§ About this exercise
Do not repeat pictures. Repeat exactly the lines of the listing below from its first line through the line with "На поле и участники, и".

§ Extracted data
■ ■ ■

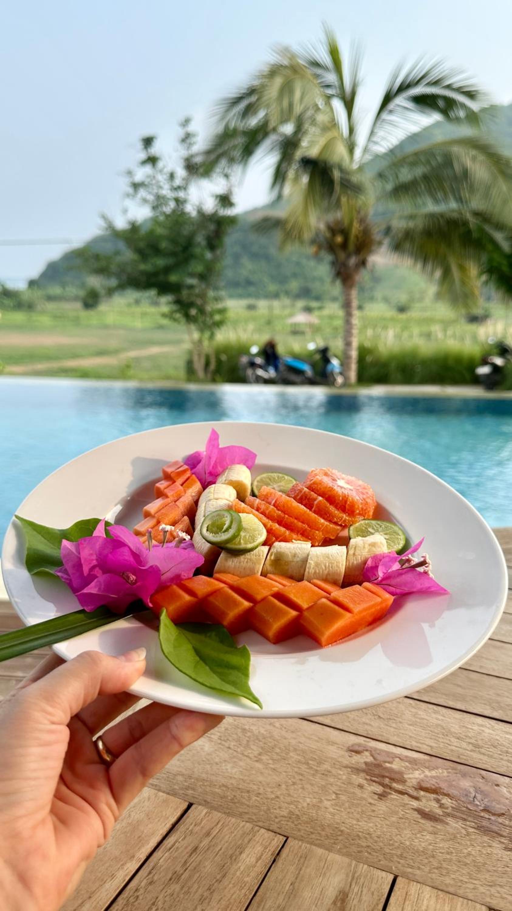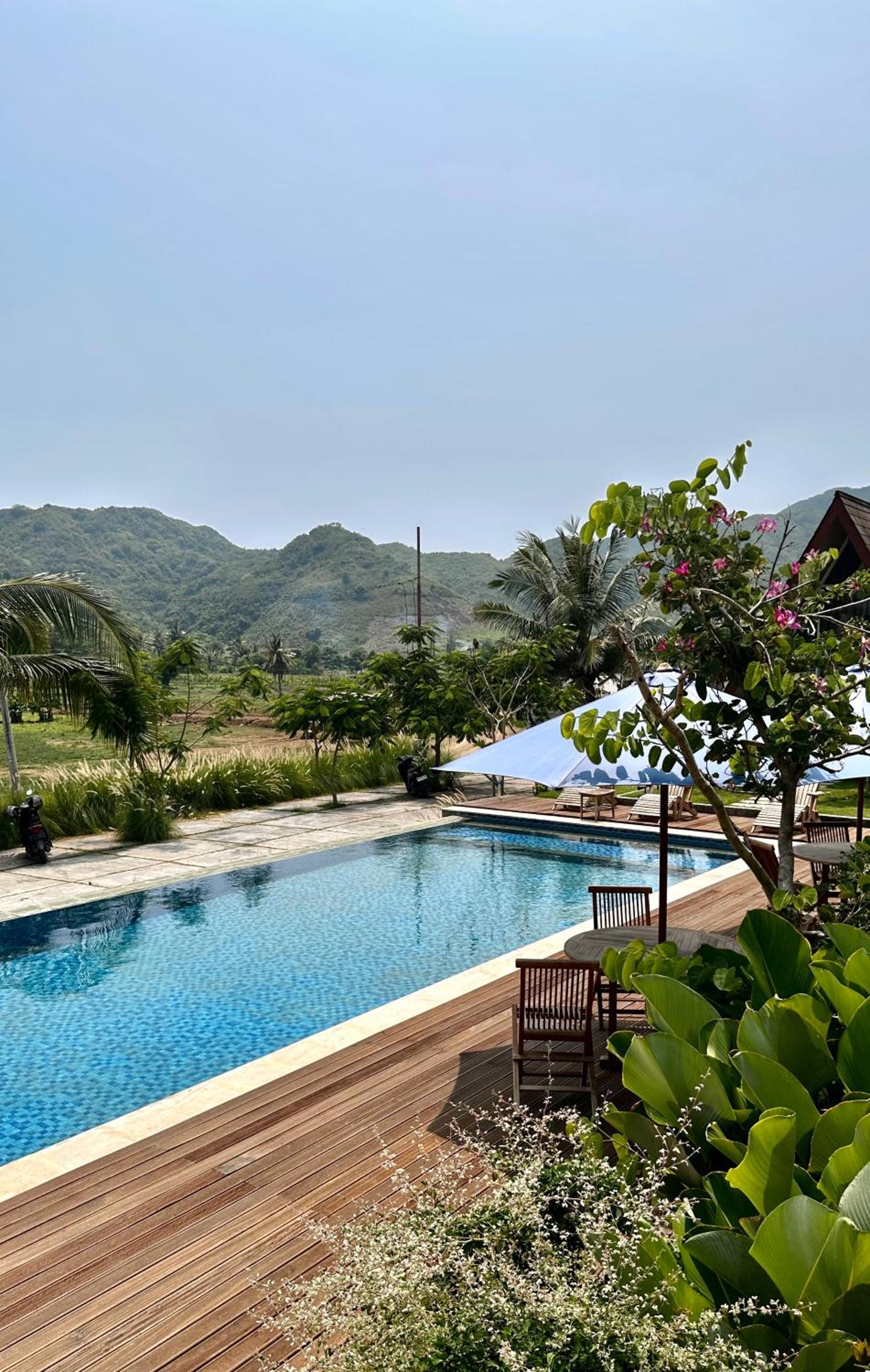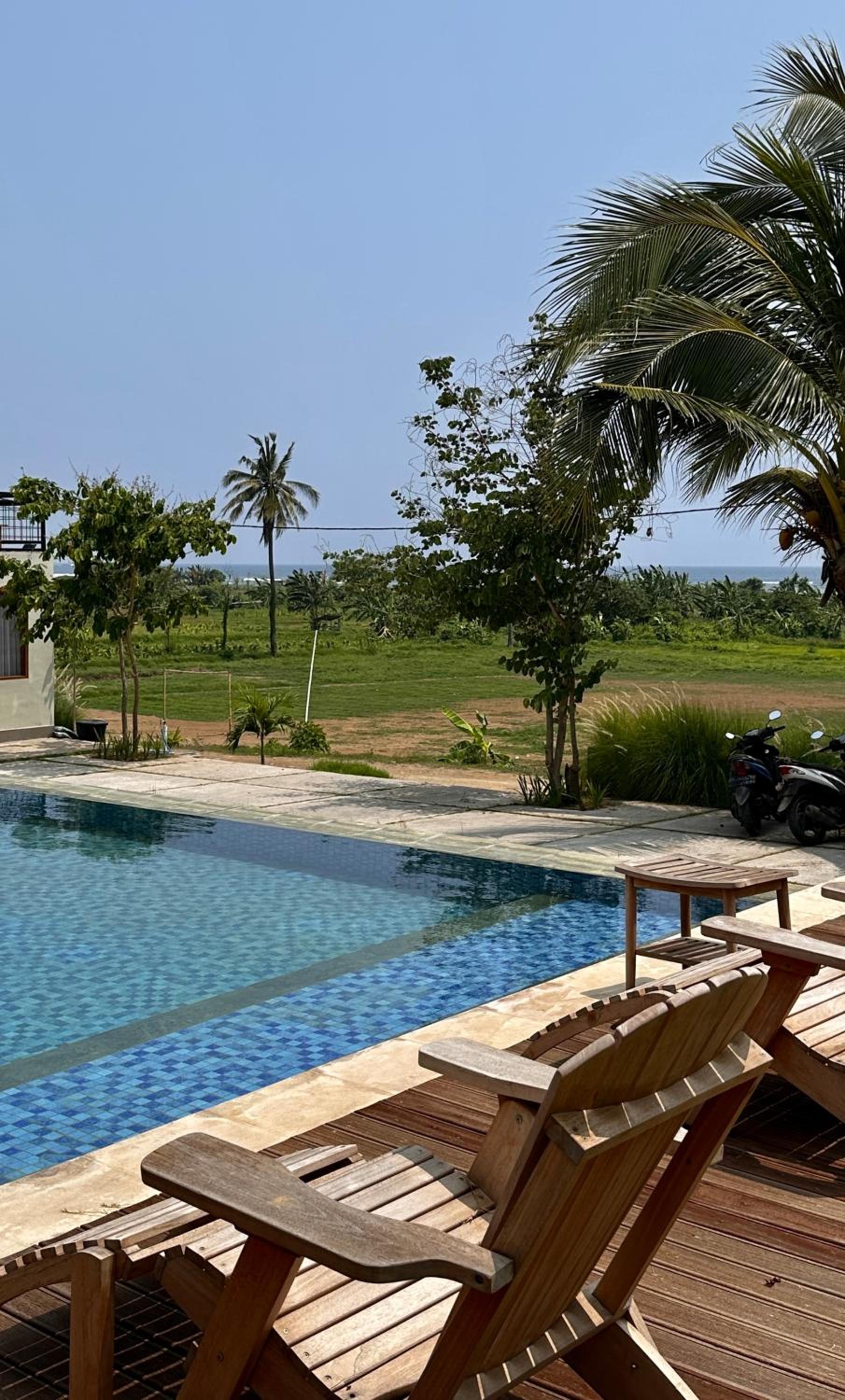 The view is very pleasing, on the foreground is the green agriculture and the background is the hill and the ocean, wonderful to wake up to this view. the pool shares the similar view and it's a rectangle shape that I can actually swim (very short) laps. Short walk to the surf spots. The beach and area is quiet which is nice.
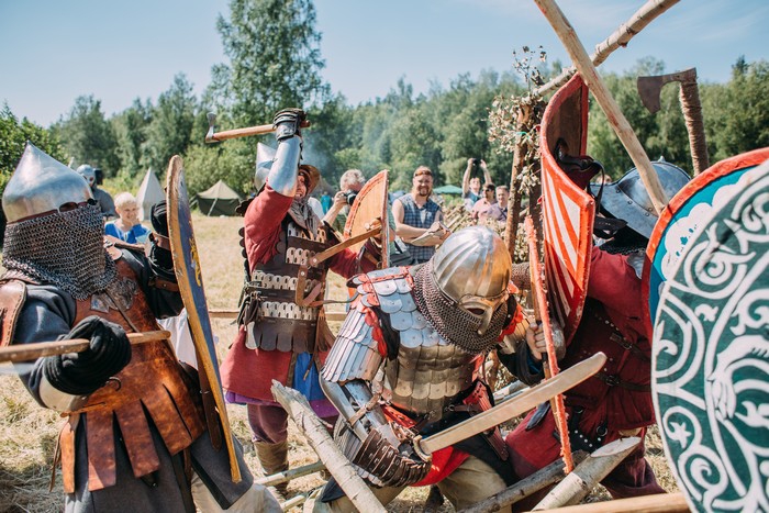 На поле и участники, и гости пытаются опрокинуть стену щитов из намертво вставших дружинников. Кстати, вместе со взрослыми реконструкторами в показательных боях участвуют и мальчишки 10-12 лет. Женщины готовятся к конкурсу костюма и кухни (все рецепты исключительно исторические). В лагере идет мастер-класс по кузнечному делу.
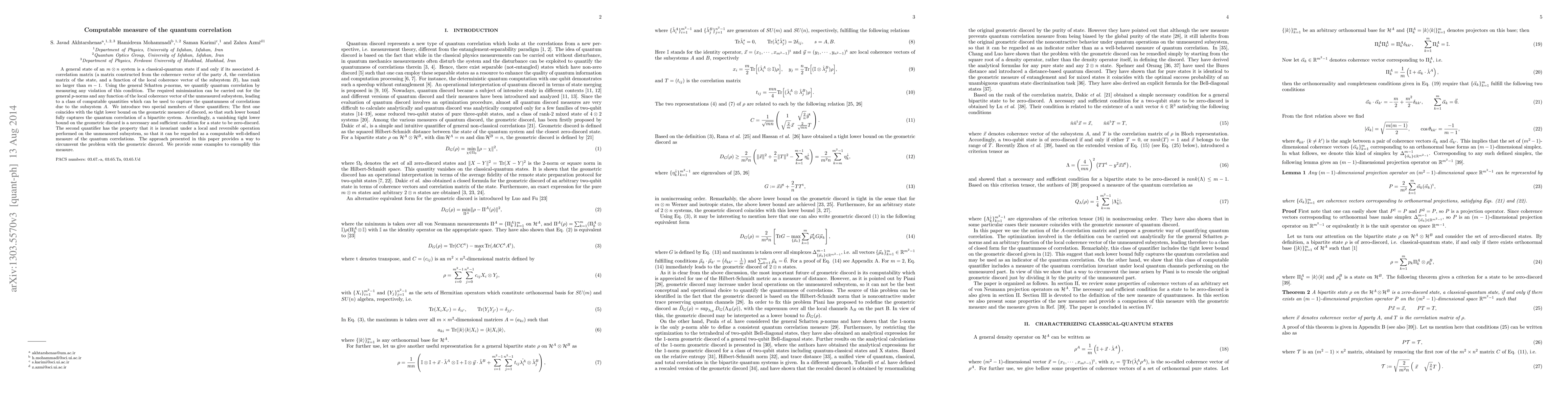 A general state of an $m\otimes n$ system is a classical-quantum state if and only if its associated $A$-correlation matrix (a matrix constructed from the coherence vector of the party $A$, the correlation matrix of the state, and a function of the local coherence vector of the subsystem $B$), has rank no larger than $m-1$. Using the general Schatten $p$-norms, we quantify quantum correlation by measuring any violation of this condition. The required minimization can be carried out for the general $p$-norms and any function of the local coherence vector of the unmeasured subsystem, leading to a class of computable quantities which can be used to capture the quantumness of correlations due to the subsystem $A$. We introduce two special members of these quantifiers; The first one coincides with the tight lower bound on the geometric measure of discord, so that such lower bound fully captures the quantum correlation of a bipartite system. Accordingly, a vanishing tight lower bound on the geometric discord is a necessary and sufficient condition for a state to be zero-discord. The second quantifier has the property that it is invariant under a local and reversible operation performed on the unmeasured subsystem, so that it can be regarded as a computable well-defined measure of the quantum correlations. The approach presented in this paper provides a way to circumvent the problem with the geometric discord. We provide some examples to exemplify this measure.
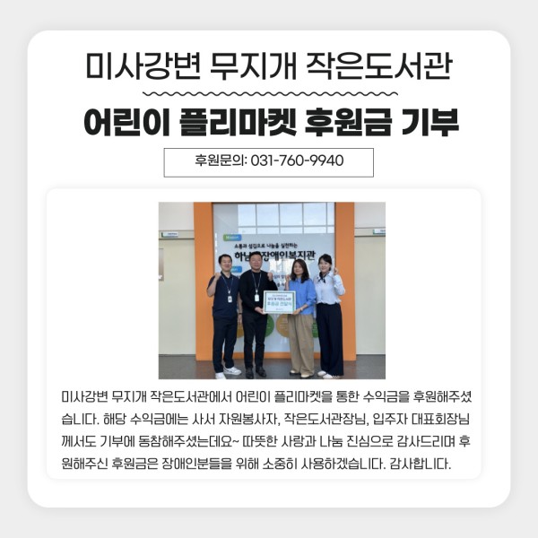 미사강변 무지개 작은도서관에서 어린이 플리마켓을 통한 수익금을 후원해주셨
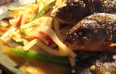 The dish Fish Braised with Sour Bamboo Shoot is a popular dish in the Pu'er Prefecture and tastes sour, spicy, fresh, and pleasing to the mouth.
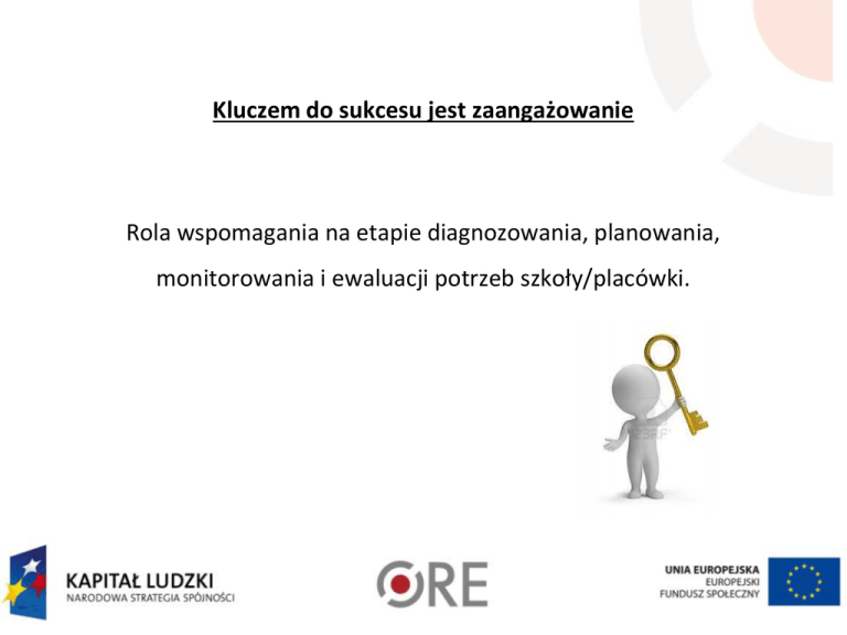 Kluczem do sukcesu jest zaangażowanie Rola wspomagania na etapie diagnozowania, planowania, monitorowania i ewaluacji potrzeb szkoły/placówki. Duża Rada Pedagogiczna TŁO 1 Praca z dorosłymi ROZPOCZYNAJĄC DYSKUSJĘ: określ cele, jakie chcesz osiągnąć podczas spotkania, powiedz krótko, jak będzie wyglądał przebieg spotkania (agenda), określ czas jego trwania, ustal zasady pracy na czas „warsztatu”. Zaciekaw….. Uruchom kreatywne myślenie…. Umysł jest jak spadochron – jest z niego użytek gdy…….. 5 CEL Proces grupowy to wszystko, co się dzieje, gdy ludzie skupieni wokół jakiegoś celu zaczynają ze sobą rozmawiać. Aby zacząć ze sobą rozmawiać trzeba stworzyć do tego warunki….. Zadbać o proces grupowy to: tworzyć przyjazne środowisko i zarządzać procesem, jeśli zajdzie taka potrzeba, zaangażować wszystkich uczestników i umożliwić ujawnienie potencjału grupy jako całości: jak? doprowadzając do nawiązania interakcji, wspierając interakcje oraz dbając o wzajemne zrozumienie, wzmacniając zaangażowanie Czego potrzebujemy, żeby szkoła była lepsza? Które obszary pracy naszej szkoły wymagają zmiany lub rozwoju? Czego potrzeba waszej szkole by zaszła pozytywna zmiana? Rozstanie się z wizją wyłącznie zewnętrznej odpowiedzialności za niemożność wprowadzenia zmian. Na co mamy wpływ? Selekcja pomysłów w oparciu o wybrane kryteria: Co jest dla was WAŻNE? Co ma kluczowy wpływ na inne obszary? Co jest pilne? Co może poczekać? Od czego zaczniemy? Dlaczego od tego? Warsztat diagnostyczno- rozwojowy Skutek: • rozpoczęcie rozmów na określony temat, •autentyczne zaangażowanie się nauczycieli w poszukanie możliwości rozwoju poprzez swoją pracę, •pojawianie się stwierdzenia: „mamy rozwiązanie” już na etapie diagnozy. Wspieraj… • informuj ludzi o zmianie i na czym ona polega; • daj ludziom szansę pożegnać się z przeszłością, potem pokazuj korzyści; • okazuj zrozumienie dla negatywnych reakcji; • więcej słuchaj, mniej mów; • pomagaj dostrzec POZYTYWNE aspekty zmiany; • uświadom stratę, jeśli ktoś nie przejdzie zmiany; • pozostaw WOLNOŚĆ WYBORU; • zachęcaj do podejmowania prób. DZIĘKUJĘ ZA UWAGĘ MARIOLA SOCHACKA Projekt współfinansowany z Unii Europejskiej w ramach Europejskiego Funduszu Społecznego
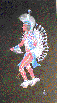 - A painting of a powwow fancy war dancer against a black background. The dancer is facing left. He is wearing a feather rocker headdress, upper- and lower-back feather bustles and feathered arm bands. He is also wearing a blue vest and a blue breechclout, blue gauntlets on both arms and moccasins. He has bands of bells on both legs.
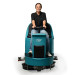 Модель райдерного типа, с местом для оператора. Все машины данной конструкции оснащены приводом движения. Начало и скорость движения управляются оператором с помощью педали. Электропитание осуществляется от аккумуляторных батарей, установленных на борту моечного агрегата. Машина полностью автономна: во время работы оператору не нужно отвлекаться и регулярно поправлять сетевой кабель. Бортовая сеть 36 В - три аккумулятора по 12 В соединены последовательно. Машина комплектуется тяговыми аккумуляторными батареями гелевого типа. Емкость батарей 150 Ач (при С5), время работы от одного заряда порядка 2,5 часа.
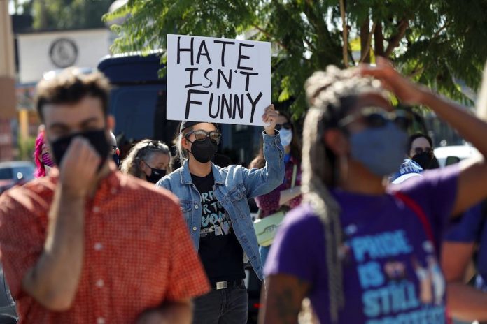 Un groupe de manifestants s’est rassemblé mercredi près du siège de Netflix à Los Angeles à l’appel de militants LGBTQ qui reprochent à la plateforme de streaming son soutien à l’humoriste Dave Chappelle et ses propos jugés transphobes par certains.
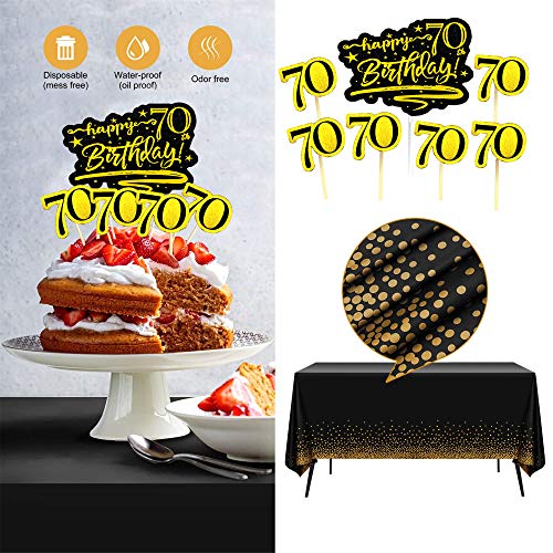 🎈 TISCHDECKEN+13 CUPCAKE TOPPER + 12 PAPPTELLER: Schwarz und Gold Kunststoff-Tischdecken für rechteckige Tische, Spaß und bunten Happy Birthday Party Cupcake Topper, Hinzufügen von Fröhlichkeit zu Ihrem Kuchen und Snack in der Partei! Geeignet für normale und Mini Cupcakes, machen Sie die Reinigung einfach mit Einweggeschirr, Dies ist nicht essbar, nur für die Dekoration, bitte verwenden Sie es nicht in den Ofen oder Mikrowelle.
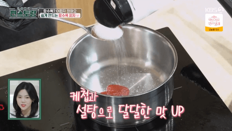 9. 냄비에 케첩 1큰술, 설탕 1큰술, 물 7큰술, 전분물 1큰술을 넣고 중불에 끓여줍니다.

■ ■ ■

§ Written answer
 The view is very pleasing, on the foreground is the green agriculture and the background is the hill and the ocean, wonderful to wake up to this view. the pool shares the similar view and it's a rectangle shape that I can actually swim (very short) laps. Short walk to the surf spots. The beach and area is quiet which is nice.
 На поле и участники, и гости пытаются опрокинуть стену щитов из намертво вставших дружинников. Кстати, вместе со взрослыми реконструкторами в показательных боях участвуют и мальчишки 10-12 лет. Женщины готовятся к конкурсу костюма и кухни (все рецепты исключительно исторические). В лагере идет мастер-класс по кузнечному делу.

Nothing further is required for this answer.